Demographic transition

The population structure associated with a DD is a natural stage of the demographic transition, which is when countries change from having high birth and death rates to having low birth and death rates. The first stage of the transition is typically a fall in child mortality due to improvements in healthcare, nutrition and overall living standards. This causes population to grow as more and more young people survive childhood, eventually resulting in a society with a large working age population. This stage is followed by a fall in birth rates. The point after this fall, where few children are born but before the large working age population has reached retirement age, is the point at which a DD can be obtained. Beyond this point, the size of the working age population relative to dependents will decrease, as improvements in life expectancy allow people to live longer after retirement.

When a country’s labour force grows more rapidly than the people dependent on it, there is an increase in the availability of resources, at both domestic and state level, which can be invested to create a more productive economy.

For example, people with fewer children or elderly relatives to support will find themselves with more disposable income. This income can be invested in activities such as improving nutrition, pursuing education and acquiring new skills — all things which can help make people more productive. This income can also be invested in businesses, thereby helping to encourage economic growth. Similarly, having fewer nonworking people to support frees up resources for states to invest in health, education, enterprise and also other productive investments such as infrastructure.

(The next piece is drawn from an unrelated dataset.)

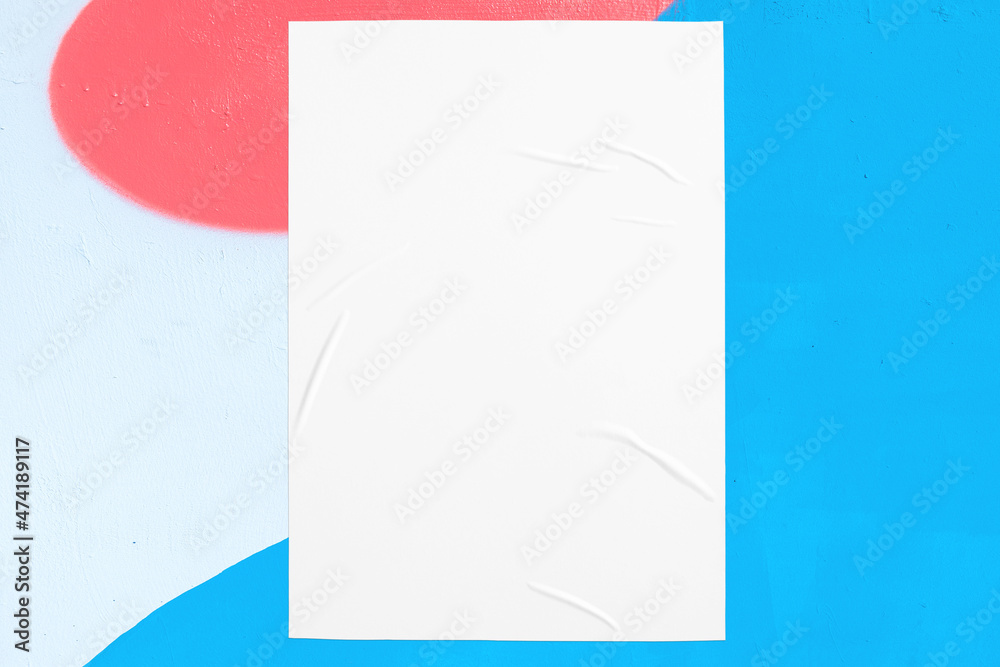 Closeup of colorful blue red white painted urban wall texture with wrinkled glued poster template. Modern mockup for design presentation. Creative urban city background.

Furthermore, because women have historically been responsible for providing care for children and elderly relatives, a low dependency ratio gives women more free time which they can use to pursue education and to participate in the labour force. Thus a low dependency ratio can also boost economic growth by allowing economies to significantly increase the size of their workforces.

Important points to achieve demographic dividend

Some argue that simply having a large workforce is sufficient to achieve a DD, but this is not the case, as having a large supply of labour merely provides a window of opportunity. To achieve a DD, and make the most of this opportunity, countries must create the conditions set out below:

Low fertility rates

Without a fall in fertility rates, a country’s working age population will have to support large numbers of children, thereby preventing women from entering the workforce and limiting the resources available to households and states to spend on productive investments. According to the UN, under such conditions, “countries will have a difficult time investing in the human capital needed to secure the well-being of its people and to stimulate economic growth.”1 In order to lower fertility rates, governments can take a number of different measures, but the two most important methods are increasing access to family planning services and improving girls’ access to education.

To lower fertility rates, governments must invest in sexual and reproductive health and ensure that everyone who needs family planning services can access them.

Healthy and educated population

Economic growth requires increasing a country’s productivity. Simply having a large working age population relative to dependents will not provide this increase. It can, however, help make resources available that households and governments can invest to boost productivity. One of the most important productivityenhancing investments that they can make is investing in education.

Education and training are required to help people become better-skilled workers, but also to help workers learn new skills and to adapt to new businesses and a rapidly changing industrial environment. If countries cannot implement education policies that help workers adapt to labour market needs, then they will be unable to move away from low-value-added labourintensive production, and unable to develop new, diverse and more productive industries.

Female labour force participation

Accelerated economic growth associated with a demographic dividend is, in part, based on women’s increased participation in the labour force. In order for this to happen, states must create a social and legal environment in which women are able to pursue education and to work. If women are, for example, prohibited from obtaining employment by legislation, or compelled by custom to only work in the home, then countries will not be able to achieve a dividend dividend.

One very important way to enhance women’s empowerment and to create a more gender equitable environment is to lower fertility rates through the methods outlined earlier, as this frees up time and money which women can use to pursue education, to enter the labour force and to participate in public life. It is for this reason that women’s empowerment is often inversely correlated with fertility rates.

Positive investment climate and appropriate infrastructure

In order to reap the economic benefits of a low dependency ratio, female participation in the labour force and a large, healthy, educated working age population, states must create an environment that encourages investment and stimulates job creation.

In order to do so, they must develop appropriate infrastructure, including financial infrastructure. This is because without, for example, transport systems and reliable banks, it will be very difficult for businesses to operate. Similarly, governments must also develop reliable legal institutions to encourage investment and business growth. This is because without adequate laws and legal systems, people will be hesitant to invest, out of fear that contracts will not be honoured.